Happy New Year, Newsarama readership! You know what this means, it’s obligatory “Best of” list time!

Well, I haven’t read every single comic that was published this past year, but I read quite a few. So if Joe Daly’s The Red Monkey Double Happiness Book, Jamie Hernandez’s Locas II or David Small’s Stitches isn’t here, don’t fret – I fully intend to get to them. (In fact, I already own two of those three, so look for thoughts in 2010 when I get sufficiently caught up with my reading.)

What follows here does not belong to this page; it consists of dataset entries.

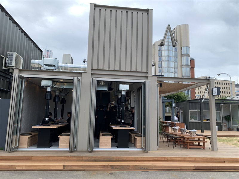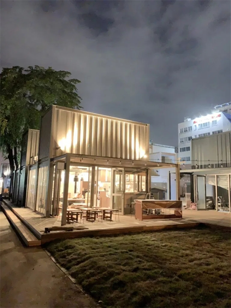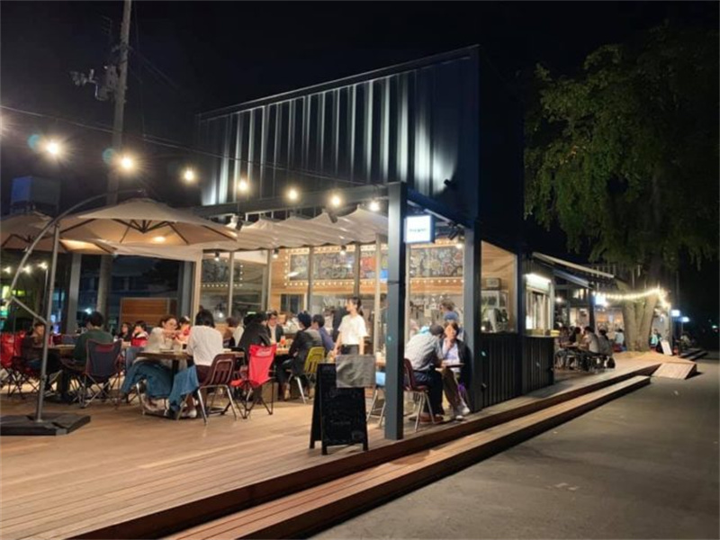 其實(shí)這些集裝箱建筑都有著統(tǒng)一而時(shí)尚的風(fēng)格,但同時(shí)又有著各具特色的店面設(shè)計(jì),讓你可以區(qū)分不同的店家??v觀建筑物,有的店家將其店面進(jìn)行混凝土澆筑,有的則替換了許多落地玻璃窗打造浪漫玻璃屋,還有的拉上了星星燈來(lái)點(diǎn)綴夜景……
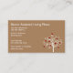 Cartes de visite à thème vivant assisté conçu avec un bel arbre de vie graphique avec des symboles du coeur représentant prendre soin de ceux qui sont dans le besoin. Créé pour un établissement médical pour personnes âgées, une vie assistée ou une vie à la retraite.
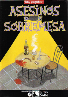 "Asesinos de sobremesa". Ión negativoEditado por: Asociación de Amigos del Tebeo de la Región de Murcia (AATRM)Monográfico nº 3 de "El Tío Saín", editado en 1996, recoge cuatro aventuras interrelacionadas, en las que se ofrece una visión cruda de una España sangrienta y oculta, llena de fanatismo, intolerancia, tramas políticas, traición e inocencia. Ión negativo, seudónimo de Juan Navarro, es autor de guión y dibujos. |
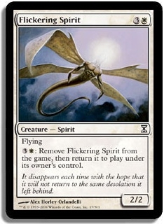 Flying 3W: Remove Flickering Spirit from the game, then return it to play under its owner's control.
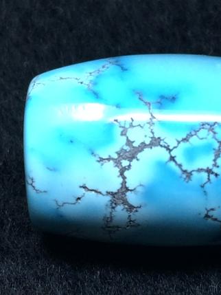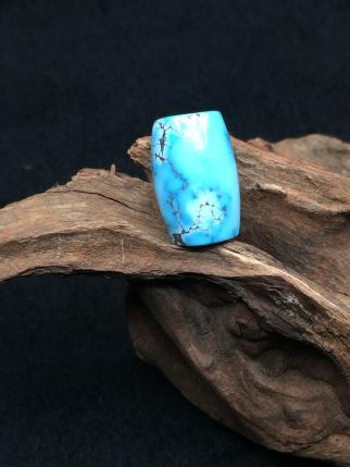 美國藍(lán)月亮綠松石,迷人的淡藍(lán)色令人愛不釋手,外觀極像湖北綠松石,部分具有銀灰色的鐵線,可以與湖北綠松石區(qū)別。
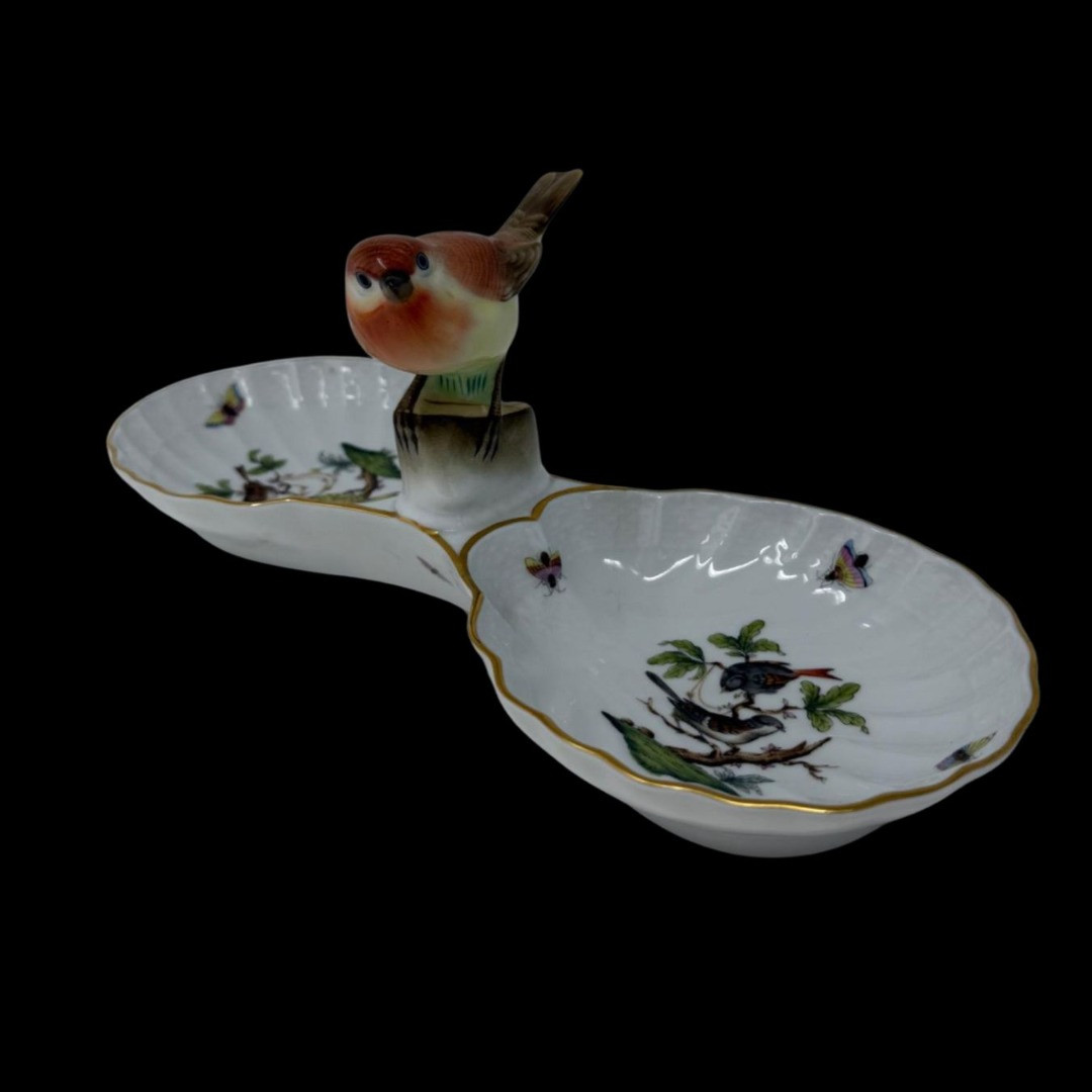 Lot # 8 - Herend Rothschild Porcelain 2-Section Nut Dish with Bird Handle
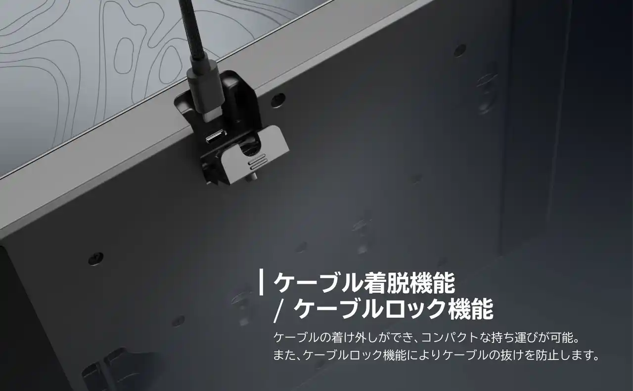■ケーブル着脱機能 / ケーブルロック機能 ケーブルの着け外しができ、コンパクトな持ち運びが可能。 また、ケーブルロック機能によりケーブルの抜けを防止します。 |

Nevertheless, I present Mike Lorah’s books of 2009 that I strongly urge everyone to check out:

1. Asterios Polyp, by David Mazzuchelli. Pantheon. (original review here – scroll down a little bit)

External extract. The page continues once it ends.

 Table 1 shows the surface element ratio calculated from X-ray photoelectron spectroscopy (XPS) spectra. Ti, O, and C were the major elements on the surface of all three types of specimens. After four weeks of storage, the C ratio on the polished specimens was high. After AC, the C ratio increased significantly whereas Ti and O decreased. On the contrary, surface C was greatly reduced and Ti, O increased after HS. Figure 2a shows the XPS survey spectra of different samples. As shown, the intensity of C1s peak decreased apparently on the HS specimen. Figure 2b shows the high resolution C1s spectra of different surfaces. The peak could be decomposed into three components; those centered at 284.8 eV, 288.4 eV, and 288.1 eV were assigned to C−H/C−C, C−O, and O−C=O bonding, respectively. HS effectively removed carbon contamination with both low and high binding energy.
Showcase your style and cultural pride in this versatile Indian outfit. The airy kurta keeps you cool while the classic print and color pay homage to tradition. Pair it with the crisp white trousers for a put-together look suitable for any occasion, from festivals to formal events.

“Technically, Asterios Polyp is an absolute tour de force, with a lesson in cartooning to learn on every page, but Mazzucchelli isn’t just showing his virtuosity as an artist and designer. By crafting a series of distinct and internally strong characters, Mazzucchelli enables Asterios Polyp to explore the human condition via his interactions with one of the most memorable casts to grace the comics page.”

2. The Photographer: Into war-torn Afghanistan with Doctors Without Borders, by Emmanuel Guibert & Didier Lefèvre. First Second. (full review)

“Writing a script from Lefèvre’s journal, mixing the cold reality of photos and the impressionistic vision of his own artwork, Guibert captures the indelible humanity experienced by his friend in Afghanistan. The book succeeds on many levels: a document of a people’s struggle to survive, a love letter to the important work being done by MSF, and as a reinvention of the graphic rules of the comic book form.”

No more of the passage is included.